_Problem details_:
Print, exactly and with no pictures, the line containing "The shirt is" and each line after it to the end of the entries below.

(Items listed in a dataset)
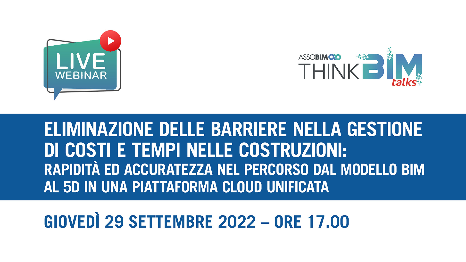 ASSOBIM organizza il Talks “Eliminazione delle barriere nella gestione di costi e tempi nelle costruzioni: rapidità ed accuratezza nel percorso dal modello BIM al 5D in una piattaforma cloud unificata” per il giorno 29 settembre 2022 dalle ore 17.
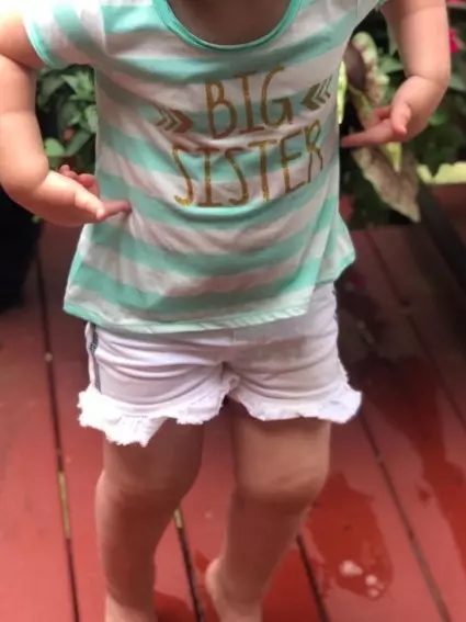 The shirt is soft and so cute. Such a great shirt for a pregnancy announcement. We had our three-year-old wear it to the grandparents house. She is consistently in 4T shirts but we bought a 5T hoping she can grow into it a little and wear this for awhile. I’d say this is true to size compared to other brands I typically buy, like Cat & Jack at Target.
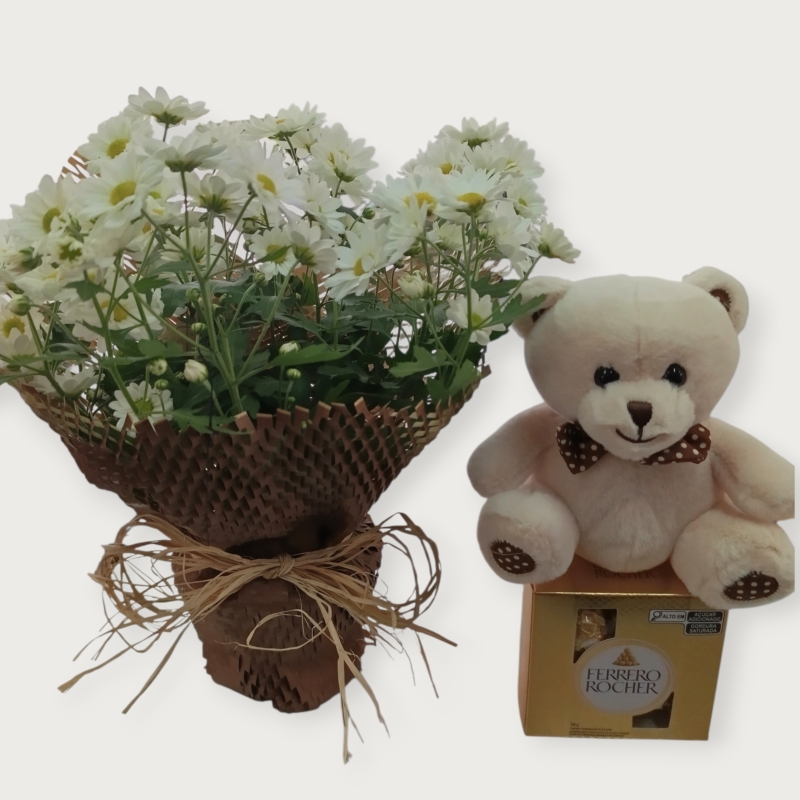 1 VASO DE MARGARIDINHA BRANCA, PELÚCIA MIMO E FERRERO COM 4 UNIDADES
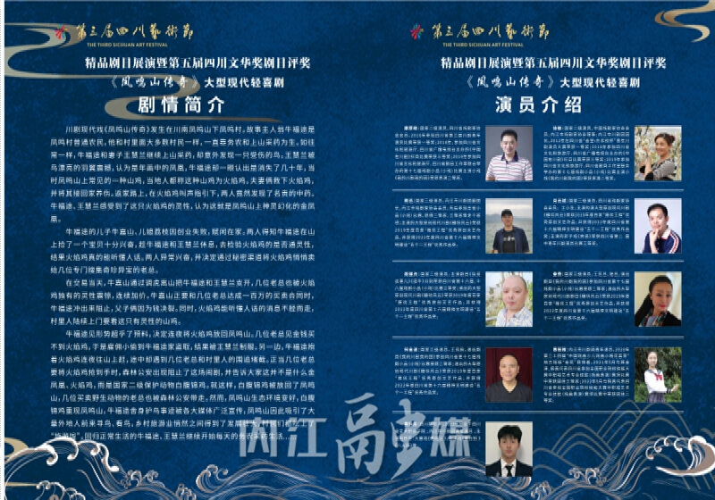 据了解,大型现代川剧《凤鸣山传奇》故事发生在川南凤鸣山下的凤鸣村,以“飞凤”“救凤”“试凤”“购凤”“盗凤”“放凤”为发展线,通过一段现代乡村传奇、一个啼笑皆非的喜剧故事,展现了“绿水青山就是金山银山”的理念对农村生态环境保护、乡村振兴和文旅融合发展的重大意义,歌颂了守护青山绿水、守护美好家园的平凡英雄。
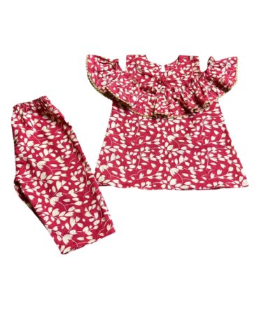 Red & Cream Leaf Print Ruffle Top with Matching Trousers

_Result of this exercise_:
 The shirt is soft and so cute. Such a great shirt for a pregnancy announcement. We had our three-year-old wear it to the grandparents house. She is consistently in 4T shirts but we bought a 5T hoping she can grow into it a little and wear this for awhile. I’d say this is true to size compared to other brands I typically buy, like Cat & Jack at Target.
 1 VASO DE MARGARIDINHA BRANCA, PELÚCIA MIMO E FERRERO COM 4 UNIDADES
 据了解,大型现代川剧《凤鸣山传奇》故事发生在川南凤鸣山下的凤鸣村,以“飞凤”“救凤”“试凤”“购凤”“盗凤”“放凤”为发展线,通过一段现代乡村传奇、一个啼笑皆非的喜剧故事,展现了“绿水青山就是金山银山”的理念对农村生态环境保护、乡村振兴和文旅融合发展的重大意义,歌颂了守护青山绿水、守护美好家园的平凡英雄。
 Red & Cream Leaf Print Ruffle Top with Matching Trousers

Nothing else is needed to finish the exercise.